Luego de su primera incursión estadounidense, el thriller histórico/ biográfico El código enigma, el noruego Morten Tyldum fue el elegido para intentar llevar a buen puerto este guión que –dicen los insiders de la industria de Hollywood– anduvo boyando durante un tiempo entre varios estudios y posibles productores. A juzgar por los resultados, o la historia era insalvable (nada suele serlo, casi nunca) o bien, como ocurre literalmente sobre el final de la película, se la intentó mejorar a puro parche y atadura de alambre. No es que esta cruza de relato alla Robinson Crusoe con cuento de hadas moderno (y no necesariamente La bella durmiente, a pesar de las apariencias) no posea atractivos. De hecho, el arranque no podría resultar más interesante: cierta nave espacial que viaja con una carga de cientos de humanos criogenizados tiene un desperfecto y despierta por error a un único pasajero, un tal Jim, noventa años antes de llegar al planeta de destino. Ergo, el tipo está sentenciado a morir ahí arriba, en eterno movimiento hacia ninguna parte, más solo que una ostra en el fondo del océano.
Ese punto de partida, que podría haber derivado en un hermosísimo capítulo de La dimensión desconocida, ofrece una primera media hora que coquetea con la reflexión filosófico-existencial, al tiempo que el pobre Jim a) aprende a vivir en soledad y a utilizar los lujos ofrecidos a las dormidas clases altas del pasaje; b) se desespera ante la inevitabilidad de una existencia triste y desolada, un poco como el hombre menguante, condenado a no volver a ver su propio mundo o a convivir junto a sus pares; c) intenta por todos los medios recuperar su estado de congelamiento, mientras platica con un robot-barman, lo más parecido a un ser humano en ese desierto de acero y vidrio flotante. El diseño interior de la nave Avalon –deudor en varios planos del Discovery One de 2001 y, en otros, de la Nostromo de Alien– es testigo entonces del dilema más terriblemente lógico que pueda imaginarse: despertar o no despertar a alguien más, condenándolo a la misma muerte en vida. Claro que Jim –que afortunadamente es ingeniero– no piensa precisamente en un Viernes cualquiera, y es así que cree encontrar en Aurora, una chica bella y, a juzgar por su expediente, inteligente, la mejor compañía posible en esa tumba espacial.

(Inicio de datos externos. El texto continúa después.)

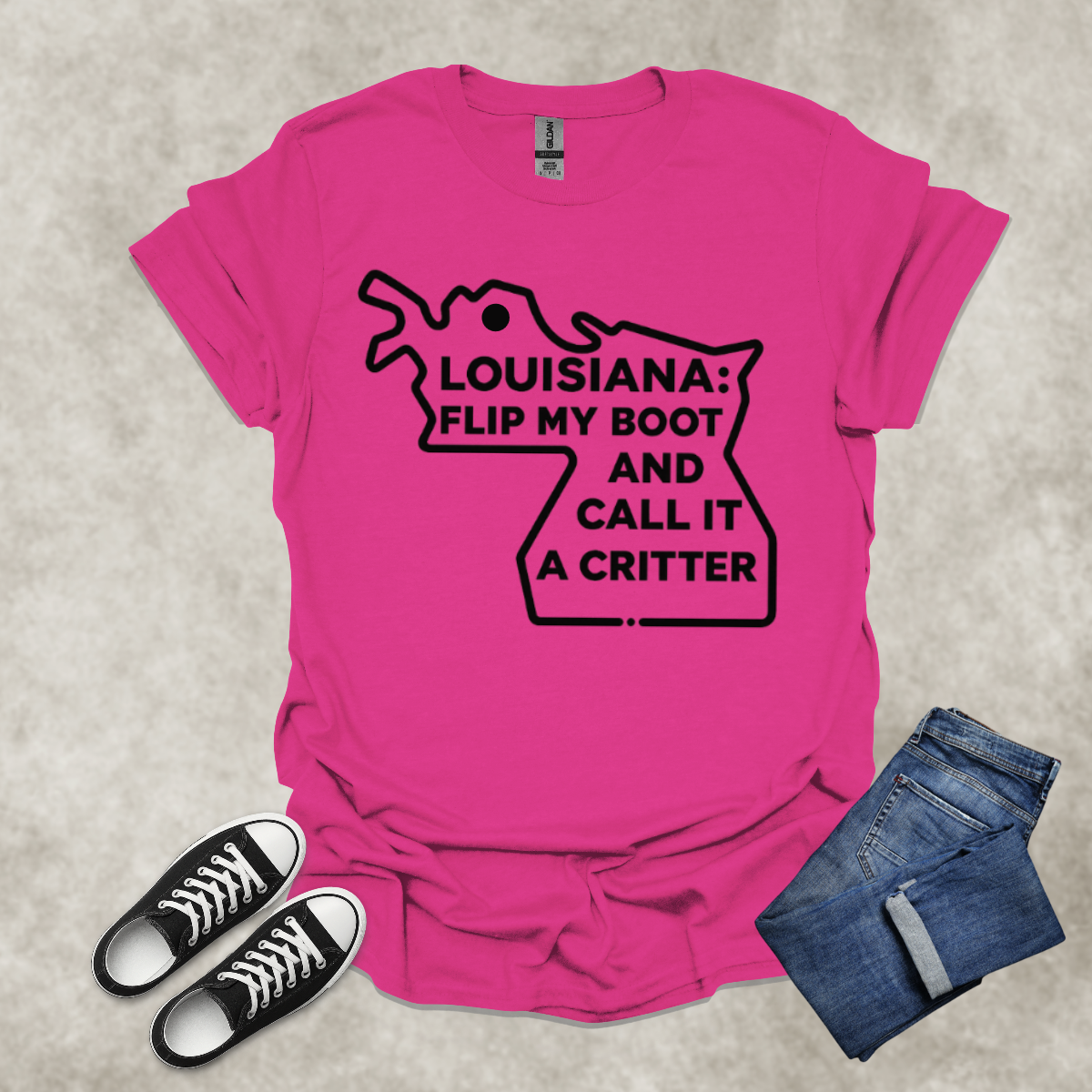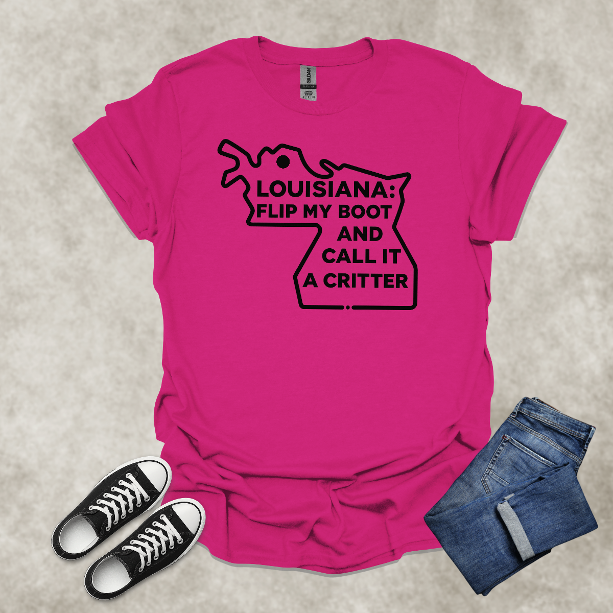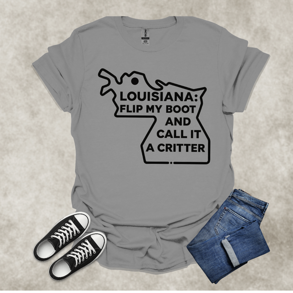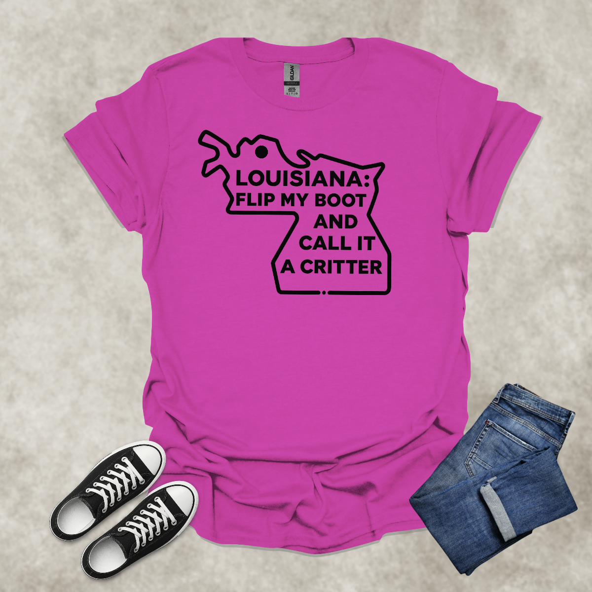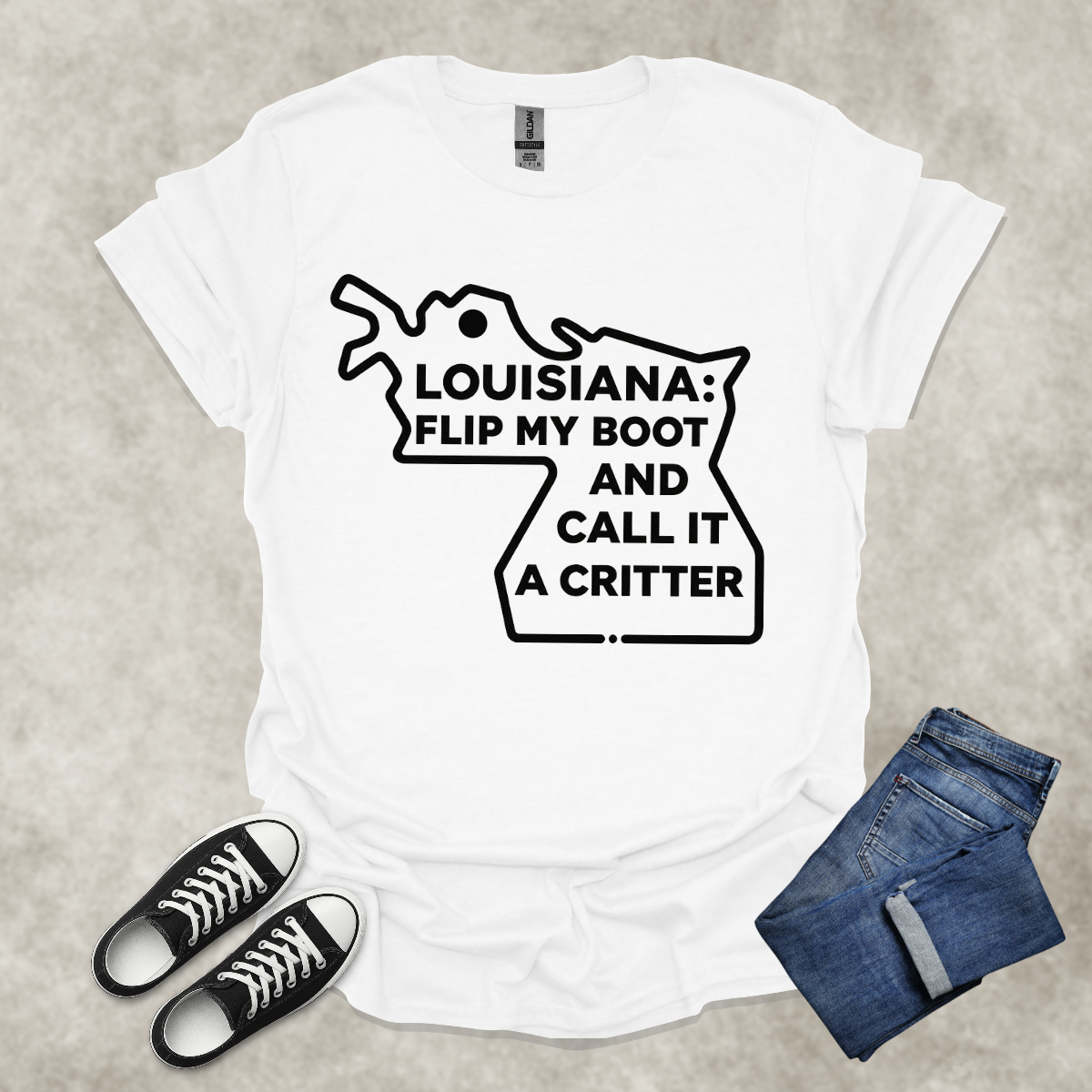 LOUISIANA: FLIP MY BOOT AND CALL IT A CRITTER — Cajun Humor Graphic Tee: Unisex Softstyle T-Shirt

De allí en más, el film de Tyldum va desbarrancándose lentamente hacia el romance más previsible que pueda imaginarse (¿no era posible un poco más de riesgo en la descripción de esa relación forzada a la repetición y el tedio?) y, más adelante, a varias secuencias de superacción con tantas vueltas de tuerca y falsas clausuras que terminan abrumando más que entreteniendo. Una oportunidad desaprovechada: la premisa era ingeniosa, la dupla central (Jennifer Lawrence y Chris Pratt) atractiva y glamorosa, y las posibilidades a la hora de jugar con la imaginación generosas. Pero la partida la termina ganando el lugar común: además de esquemática en muchos sentidos, Pasajeros es cursi donde debería ser sutilmente romántica y atolondrada en el momento de tomar impulso.